大好きなのだが、今は甘いものを食べたい気分じゃない。
「葵さん。要らない」
私の言葉に目を見開きフリーズする葵さんに私は苦笑いを浮かべて見せた。
葵さんは慌てたように私に近づくと、私を軽々とお姫様だっこした。
「体調悪いならそう言えよ!!」
葵さんはそのまま私を寝室に連れていった。
「大丈夫か?お腹痛いのか?気持ち悪いのか?頭痛か?」
ベッドにのせられ心配そうに布団をかけられてしまった。
「病気じゃないよ」
「バカ!命が食べ物要らないっていったんだぞ!病気じゃないわけないだろ!」
アイスノン何処にやっただの体温計は何処だだの、慌てている葵さんは何だか可愛らしい。
「葵さん、落ち着いて」
「落ち着いてられるか!病院!病院行くぞ」
うろうろする葵さんの洋服の裾をつかんで私は笑顔を作った。
「本当に大丈夫だから、ちょっとここに座って」
私が起き上がると、しぶしぶベッドに腰掛けた葵さんの首に腕をまわすと軽いキスを落とした。
「何だ。
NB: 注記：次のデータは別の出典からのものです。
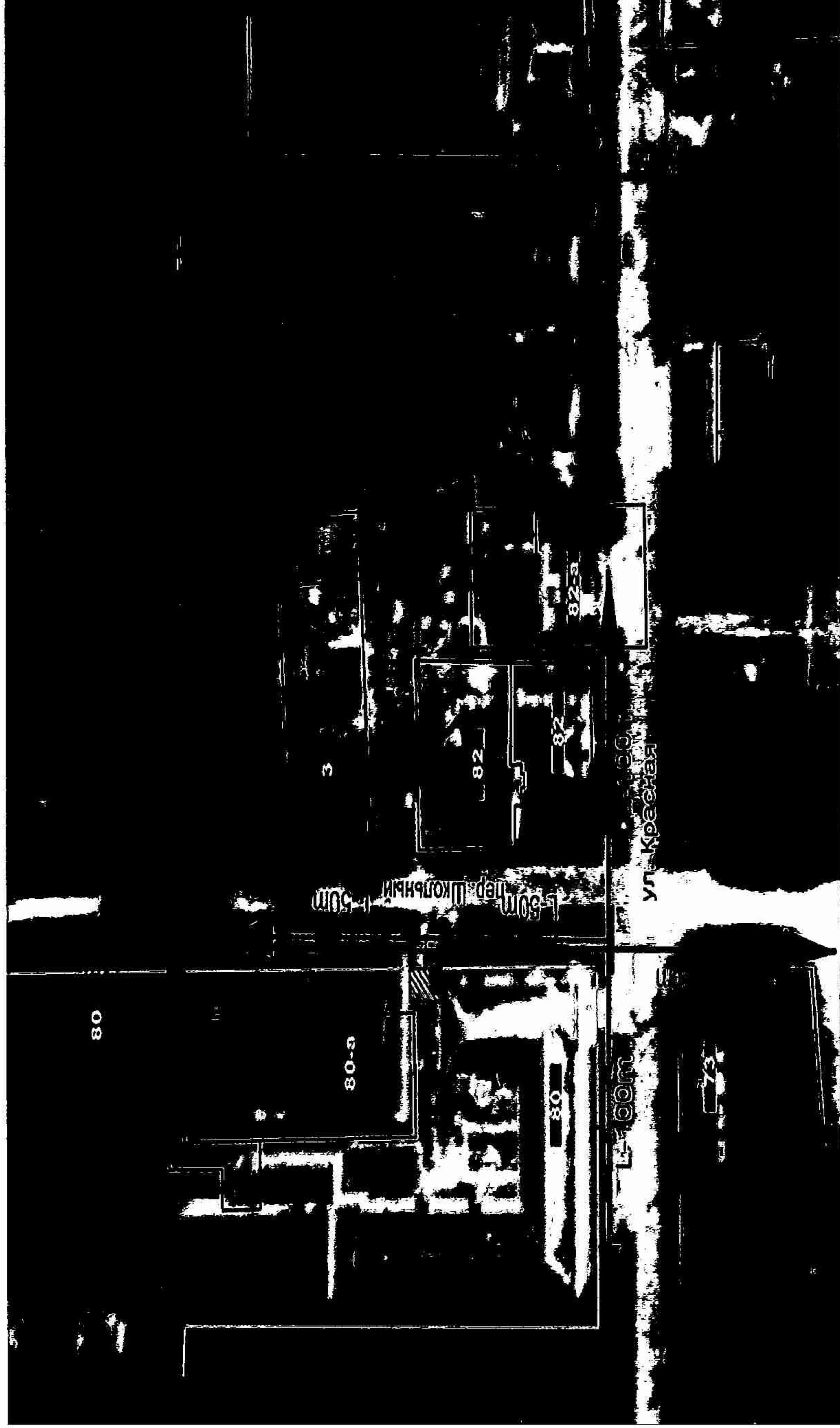
Схема границ территорий, на которых не допускается розничная продажа алкогольной продукции, прилегающих к школе, расположенной по адресу: с.Варнавинское, ул.Красная, 80

к постановлению администрации муниципального образования Абинский район от 10.05.18 № 1197

エロい気分だっただけか?」
葵さんは嬉しそうに私を押し倒した。
「っなわけないじゃん」
私は顔を近づけてくる葵さんの顔面に手を置き拒否してみた。
「じゃあ、なんだよ?」
「病院は午前中に行った」
「やっぱ病気か!」
面倒臭いと思いながら私は葵さんの頭にチョップして言った。
「ちょっと黙って」
「……はい」
私は葵さんの手を握ると言った。
「暫くエロい事禁止」
「はぁ?無理」
「無理でも禁止」
「絶って~無理」
私はムッとした顔をして言った。
「私の事愛してるなら禁止」
「愛してるから無理」
葵さんは真剣な顔をして私にキスしようとしてきた。
私は葵さんの顔面を手で押さえて拒否だ。
「突然どうしたんだ!理由を言えよ!」
葵さんは眉間にシワをよせて叫んだ。
「俺の事嫌いになったのか?」
葵さんの声が小さくなっていく。
私は真面目な顔をして葵さんの手をとると私のお腹にのせた。
「葵さんの事は大好きだよ。でも、赤ちゃんの方が大事」
葵さんはキョトンとした顔をした後、ゆっくりと意味を理解したのか目が見開かれていった。
そして、私の横に倒れると強く抱きしめてきた。
「我慢する」
葵さんの泣きそうな声に私は笑ってしまった。
ちょっと力が強すぎて苦しかったが、赤ちゃんを嫌がることなく喜んでくれて良かった。
「幸せすぎて死にそう」
「ダメ!これから馬車馬のように働いてもらわないと困るよ」
「………命が癒してくれるなら、馬車馬にだってなってやる」
私は葵さんに抱きしめられながら幸せを噛みしめるのだった。
どうだったでしょうか?
もう一度読み返したいと思われた方!
書籍化した『幸せって平等ですか?』の方を読んでください!
イラストが素晴らしく今まで以上に幸せな気持ちにしてもらえますよ!
2018年6月21日徳間書店様より発売です!
宜しくお願いいたします!!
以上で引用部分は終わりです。